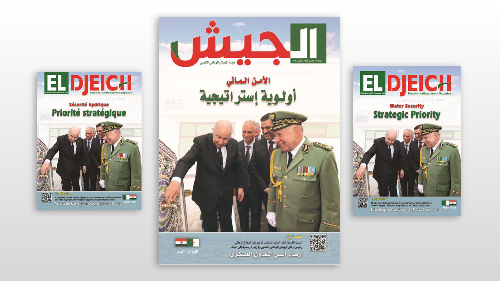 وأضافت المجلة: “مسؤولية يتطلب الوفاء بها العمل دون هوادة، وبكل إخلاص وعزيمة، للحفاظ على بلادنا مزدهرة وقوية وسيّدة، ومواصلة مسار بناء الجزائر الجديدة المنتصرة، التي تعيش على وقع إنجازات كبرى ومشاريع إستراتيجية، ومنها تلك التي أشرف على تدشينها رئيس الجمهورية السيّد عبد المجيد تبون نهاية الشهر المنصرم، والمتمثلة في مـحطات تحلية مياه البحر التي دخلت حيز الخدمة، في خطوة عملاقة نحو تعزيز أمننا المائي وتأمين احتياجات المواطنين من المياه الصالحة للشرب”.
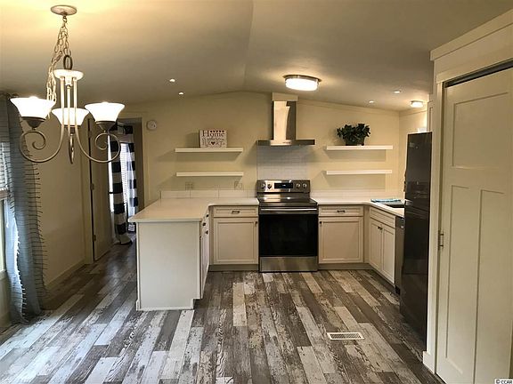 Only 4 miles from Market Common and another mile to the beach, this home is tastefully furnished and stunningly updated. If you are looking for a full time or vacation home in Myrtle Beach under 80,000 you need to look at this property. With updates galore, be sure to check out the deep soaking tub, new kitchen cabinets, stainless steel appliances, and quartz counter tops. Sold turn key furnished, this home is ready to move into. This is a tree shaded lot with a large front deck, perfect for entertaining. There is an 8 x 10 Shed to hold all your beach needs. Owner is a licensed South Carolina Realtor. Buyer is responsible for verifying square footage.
---
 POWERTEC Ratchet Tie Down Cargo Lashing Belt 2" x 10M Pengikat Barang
---
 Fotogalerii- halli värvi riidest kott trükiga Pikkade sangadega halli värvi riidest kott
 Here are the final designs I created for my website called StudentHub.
---
# WHAT YOU SHOULD DO
In the records above, find the line with "يتطلب الوفاء بها" and the line with "Only 4 miles", then restate word for word only those two lines and all lines between, omitting pictures.

# TASK ANSWER
 وأضافت المجلة: “مسؤولية يتطلب الوفاء بها العمل دون هوادة، وبكل إخلاص وعزيمة، للحفاظ على بلادنا مزدهرة وقوية وسيّدة، ومواصلة مسار بناء الجزائر الجديدة المنتصرة، التي تعيش على وقع إنجازات كبرى ومشاريع إستراتيجية، ومنها تلك التي أشرف على تدشينها رئيس الجمهورية السيّد عبد المجيد تبون نهاية الشهر المنصرم، والمتمثلة في مـحطات تحلية مياه البحر التي دخلت حيز الخدمة، في خطوة عملاقة نحو تعزيز أمننا المائي وتأمين احتياجات المواطنين من المياه الصالحة للشرب”.
 Only 4 miles from Market Common and another mile to the beach, this home is tastefully furnished and stunningly updated. If you are looking for a full time or vacation home in Myrtle Beach under 80,000 you need to look at this property. With updates galore, be sure to check out the deep soaking tub, new kitchen cabinets, stainless steel appliances, and quartz counter tops. Sold turn key furnished, this home is ready to move into. This is a tree shaded lot with a large front deck, perfect for entertaining. There is an 8 x 10 Shed to hold all your beach needs. Owner is a licensed South Carolina Realtor. Buyer is responsible for verifying square footage.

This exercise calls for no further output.